*Your goal:* For the data below, work out the number of lines containing the string "Brazil" and answer with that number only.

*Provided information:*

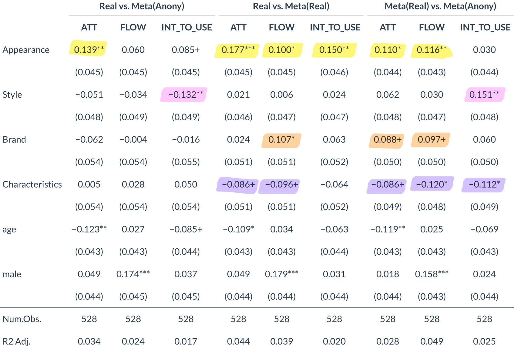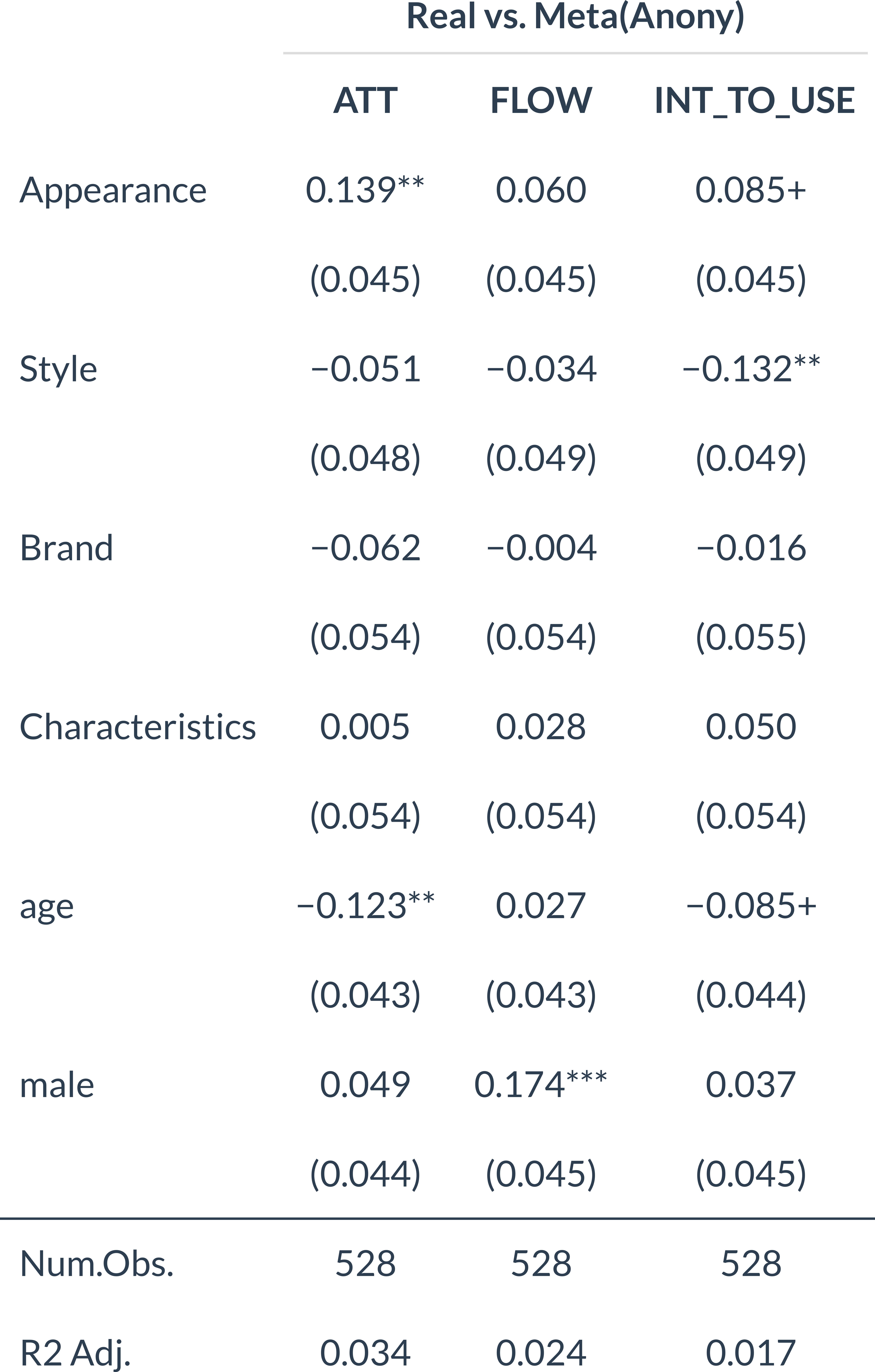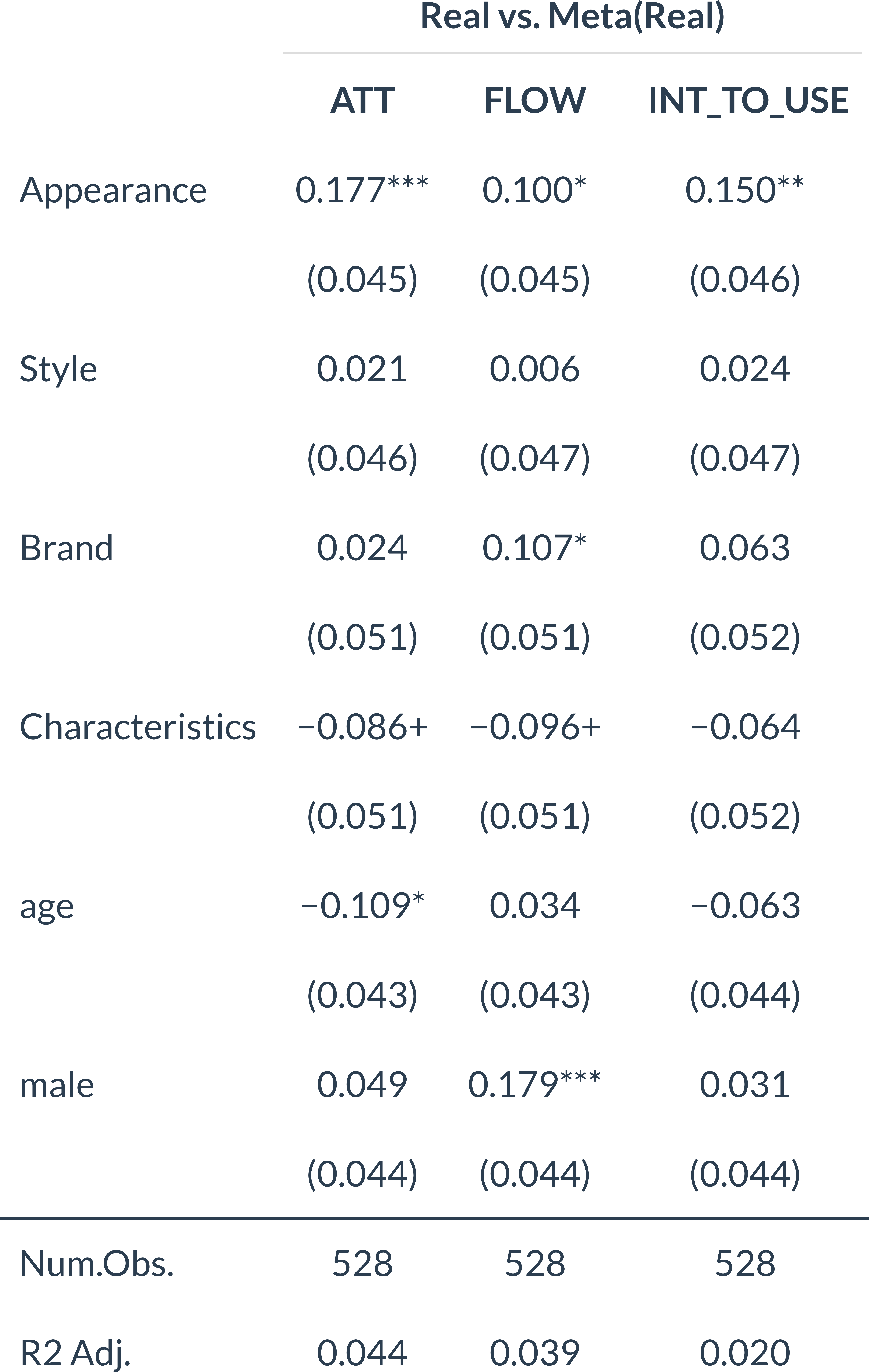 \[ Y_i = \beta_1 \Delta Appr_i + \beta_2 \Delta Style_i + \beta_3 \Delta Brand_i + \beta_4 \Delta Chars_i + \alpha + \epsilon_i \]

==

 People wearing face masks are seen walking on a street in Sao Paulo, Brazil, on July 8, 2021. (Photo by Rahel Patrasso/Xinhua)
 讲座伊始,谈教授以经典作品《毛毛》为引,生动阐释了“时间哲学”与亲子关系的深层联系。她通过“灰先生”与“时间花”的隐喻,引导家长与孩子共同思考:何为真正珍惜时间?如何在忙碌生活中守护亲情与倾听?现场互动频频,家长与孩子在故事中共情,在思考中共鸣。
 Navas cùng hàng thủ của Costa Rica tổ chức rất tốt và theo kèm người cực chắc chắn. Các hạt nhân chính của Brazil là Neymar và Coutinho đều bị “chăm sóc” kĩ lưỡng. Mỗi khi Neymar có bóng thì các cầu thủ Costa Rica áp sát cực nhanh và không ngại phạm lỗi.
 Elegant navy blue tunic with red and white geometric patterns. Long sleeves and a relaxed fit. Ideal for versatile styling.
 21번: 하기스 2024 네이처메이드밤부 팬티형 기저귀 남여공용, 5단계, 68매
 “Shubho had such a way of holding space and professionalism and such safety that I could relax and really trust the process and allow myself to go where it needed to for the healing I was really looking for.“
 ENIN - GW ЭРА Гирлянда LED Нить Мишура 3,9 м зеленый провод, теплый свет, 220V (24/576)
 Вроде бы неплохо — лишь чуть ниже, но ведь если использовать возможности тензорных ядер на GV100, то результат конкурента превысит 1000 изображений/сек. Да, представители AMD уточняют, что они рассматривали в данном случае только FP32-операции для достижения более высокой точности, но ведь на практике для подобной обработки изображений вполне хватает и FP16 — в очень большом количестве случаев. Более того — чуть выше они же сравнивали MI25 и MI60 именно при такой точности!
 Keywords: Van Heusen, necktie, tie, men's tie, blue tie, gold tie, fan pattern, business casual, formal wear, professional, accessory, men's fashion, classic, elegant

*Written reply:* 2